Die Bahn weiter in den Norden nach Nkongsamba ist bereits wegen
Unbenützbarkeit eingestellt, sodaß ich mit dem Bus weiterreiste. Die Fahrt
führte mich bis Foumban, wo sich ein Prinz erbot mir den Palast des Sultans zu zeigen. Ich bezweifelte anfangs die Herkunft meines Führers, der mir während der Palastbesichtigung beiläufig erklärte, der Sultan sei gerade in Trauer über den Tod seiner Frau. Als ich mein Bedauern darüber ausdrückte fand mein Führer dies sehr mitfühlend, verwies dabei vom Fenster des ersten Stockes des Palastes auf die vielen kleinen Häuschen und erklärte, dies seien die
Wohnungen der über 150 Frauen des Sultans. Dies relativierte die Trauer des Sultans verständlicherweise.
Nach zwei schönen Tagen in Foumban nahm ich einen direkten Bus nach Douala, wobei wir bei dieser Fahrt auch durch Nkongsamba fuhren, wo ich noch die jetzt unbenutzten Gleisanlagen der ehemaligen Bahn sah, um die es wahrlich schlecht bestellt ist, denn eine Wiederaufnahme eines Bahnverkehrs muß bei einem solchen Gleiszustand, wie ich ich vorfand, selbst in Afrika
unmöglich sein.
In Douala quartierte ich mich zur Erholung im Hotel „Akua Palace" ein, das über einen Swimmingpool verfügte und mir so als Erholung vor meinem Rückflug diente.

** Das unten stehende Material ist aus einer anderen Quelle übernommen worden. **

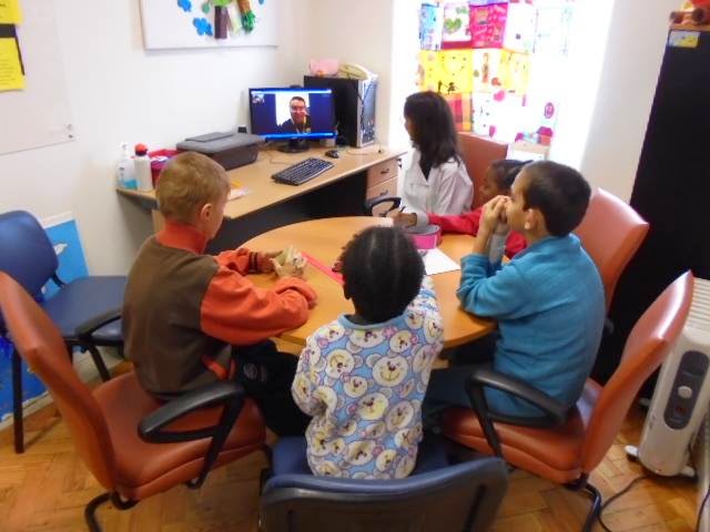 O tema da nossa TeleAula com o Pavilhão do Conhecimento foi a Astronomia. O “astrónomo” Miguel e a sua “assistente” Sandra falaram-nos da formação do Universo, da dimensão do sistema solar, dos planetas rochosos e gasosos e muitas outras coisas astronómicas! Também percebemos por que é que não conseguimos passar férias num dos outros planetas. Construir a régua do nosso sistema solar foi um desafio, mas conseguimos!!!
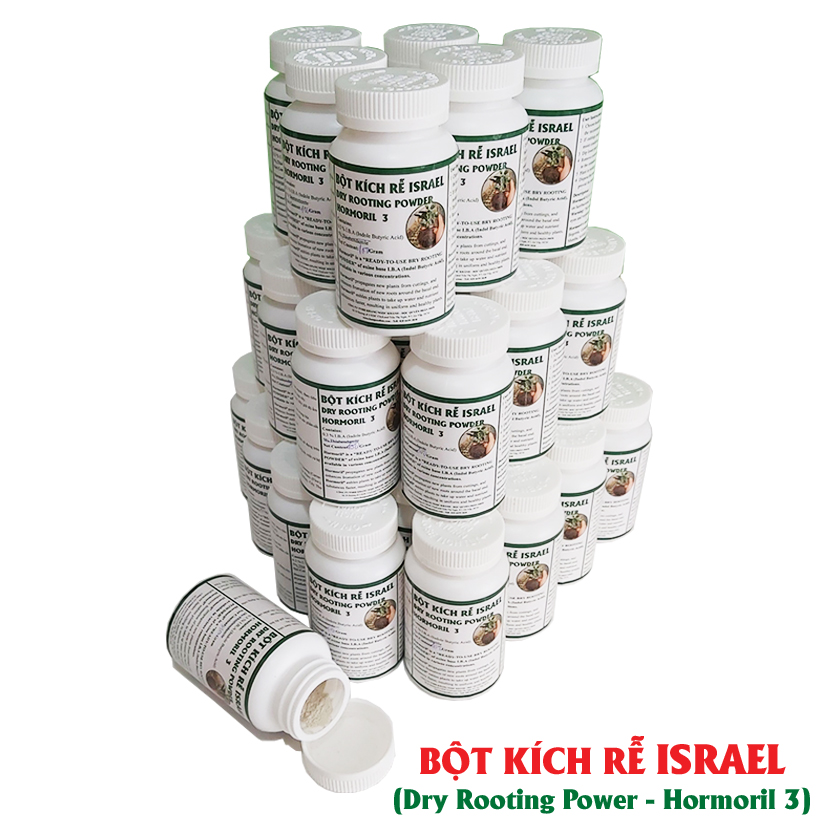 - Bột Kích Rễ Israel là chất điều hòa sinh trưởng thực vật có tác dụng ở phổ rộng, thúc đẩy sự phân chia tế bào và hình thành rễ nhánh, rễ, lá, dùng để tăng nhanh tốc độ giâm trồng và được sử dụng rộng rãi trong việc nhân giống cây nông nghiệp, lâm nghiệp

Nur gut, daß ich mir bereits Fahrkarten für meine Rückfahrt besorgt hatte, denn der Zug war brechend voll, sodaß Leute auf dem Dach und auf den Trittbrettern mitfuhren und obendrein funktionierte die vorhandene Klimaanlage nur zum Schein. Die Bahnlinie führt unmittelbar am Flughafen vorbei, Züge halten hier aber nicht, sodaß ich mir am Bahnhof von Yaoundé ein Taxi nehmen mußte um die 50 km zum Flughafen zurückzufahren.
Pünktlich brachte mich die Swissair anschließend wieder nach Hause.